The Community College of Allegheny County (CCAC) Honors Council is offering a new pilot program called Give Honors A Try! The program permits non-honors students who meet certain criteria to take honors courses and engage in honors-related activities. Each year, CCAC’s Honors Program provides a myriad of opportunities for scholastically minded students to develop leadership skills and to participate in a variety of conferences and community service projects that foster academic and personal enrichment. These include opportunities to hear from guest speakers, field trips, real-world application of theory, lectures and performances, student-centered discussions, independent learning, and study abroad tours.

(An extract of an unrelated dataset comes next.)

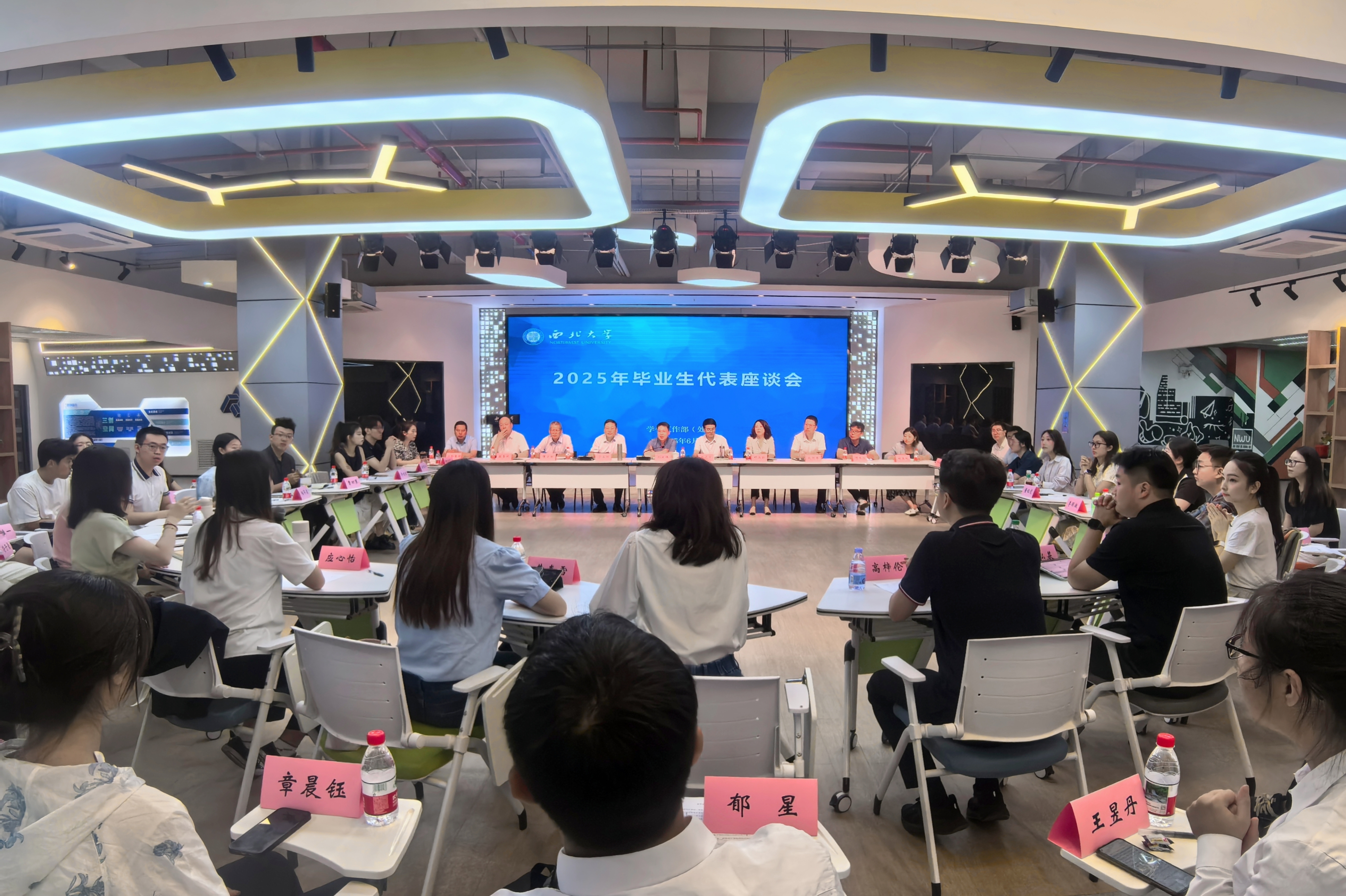 6月19日上午,乐鱼网页版页面登录2025年毕业生代表座谈会在长安校区召开。校长孙庆伟,校党委常委、副校长张远军与毕业生代表共聚一堂、共叙成长、共话未来。会议由学工部负责人主持。
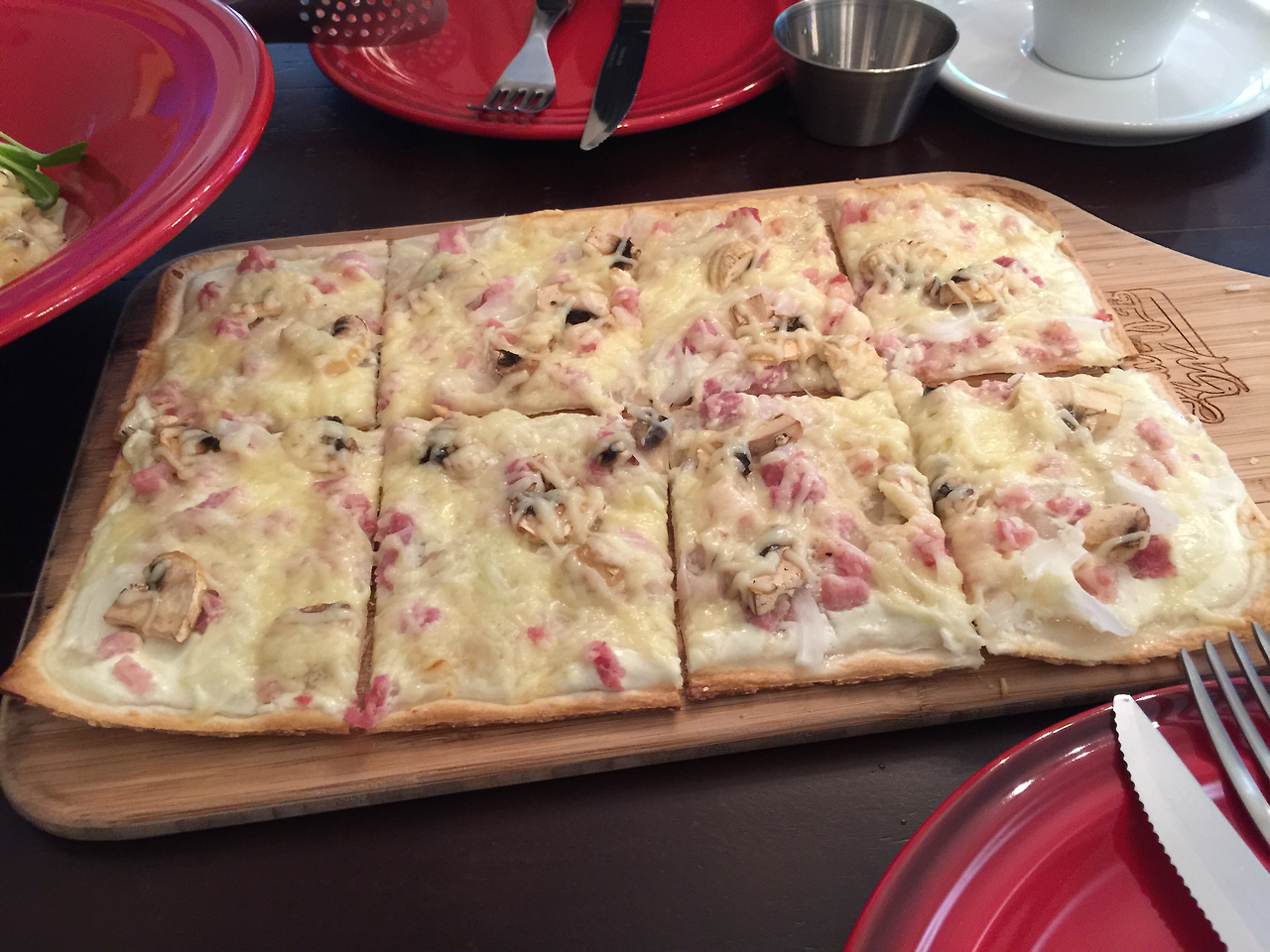 플람스는 얼핏 보기에는 네모난 피자 같았습니다.

“Honors Council is excited to extend the honors opportunity to more students beginning in the fall 2020 semester,” said Julia Fennell, English Professor and Honors Program Director. “By widening the gate of access to honors enrichment, we hope to encourage more students to challenge themselves academically and engage more fully with all that CCAC offers.”

To be eligible, students must have a CCAC institutional GPA of 3.0 or higher, be at least 18 years of age, have taken or be eligible to take English 101 and Mathematics 090 courses, and be enrolled in a degree-seeking program. Fall 2020 course offerings open to non-honors students are Honors Oral Communication, Honors Art Appreciation, Honors General Biology, Honors Psychology of Adjustment, and Honors American Literature to the Civil War. The students will also have opportunities to participate in honors events, including study abroad experiences, if all available spots are not taken by traditional honors students.

Study Abroad in India

Give Honors a Try! students may be able to participate in future study abroad experiences offered to CCAC honors students. The latest such trip occurred in January 2020, when a group of 12 students embarked on the adventure of a lifetime when they journeyed to India for an 11-day international study tour. It was the third time in four years that the college’s Honors Program students have traveled to India. The students prepared by taking three honors courses: a political science course comparing the politics and cultures of the U.S. and India, a service learning course focused on community service projects for two nongovernmental organizations (NGOs) in India, and an art appreciation course conducted during the trip. The students visited many cultural and historical sites in the Golden Triangle cities of Delhi, Jaipur, and Agra in the northwest part of India. For example, in Agra, they visited the exquisite Taj Mahal, one of the New Seven Wonders of the World.

“The students were really excited and were in awe at the vastness and beauty of the monument,” said Srujana Kanjula, CCAC Professor of Political Science and Sociology, who organized the trip and served as translator. She described the study tour as “transformative,” in part because the students saw so many people living in poverty who appeared to be happy and living in harmony with one another. Another impressive cultural and historical site they visited was Amber Fort, where the travelers rode on elephants to reach the hilltop palace.

CCAC Honors students Aniekwe Chinedu Jude (left) and Adriana Venacto (middle) take elephant ride to hilltop palace at Amber Fort

As exciting as the sightseeing was, the highlight for many of the students was visiting the NGOs, where they performed community service. In Delhi, they visited Swami Sivananda Memorial Institute, an NGO devoted to empowering women and children to break the cycle of poverty. The students spent an entire day helping at the NGO, which provides hot food to about 20,000 impoverished children every day. The group also visited the world headquarters of Jaipur Foot, an NGO that has rehabilitated more than 1.78 million disabled individuals. There, they saw how artificial limbs are made and provided at no cost, thereby enabling amputees to walk again. In addition, the students volunteered in the community kitchen at Gurudwara, a Sikh temple that feeds thousands of disadvantaged people daily.

CCAC Honors students (from left: Samantha Graves, Melanie Kostopolos, and Adriana Venacto) roll out rotis (Indian bread) in community kitchen at Gurudwara Sikh temple

In the reflective essays they wrote upon returning to the United States, the students expressed a new appreciation for everything they have as well as a greater understanding and empathy for people of other cultures and socioeconomic status. “The vast differences between the United States and India left me in culture shock almost the entire time we were there,” wrote Melanie Kostopolos, who recently graduated with an Associate of Science in mathematics and sciences. “The experiences I gained in India have left me deeply humbled, and I am forever changed. Education needs to include life experiences to be complete.”

Lead image: CCAC Honors students and faculty members in front of Taj Mahal during their study tour of India, January 2020

Margaret Anderson is a Promotions Writer, Public Relations and Marketing, at Community College of Allegheny County in Pittsburgh, Pennsylvania.

Opinions expressed in Member Spotlight are those of the author(s) and do not necessarily reflect those of the League for Innovation in the Community College.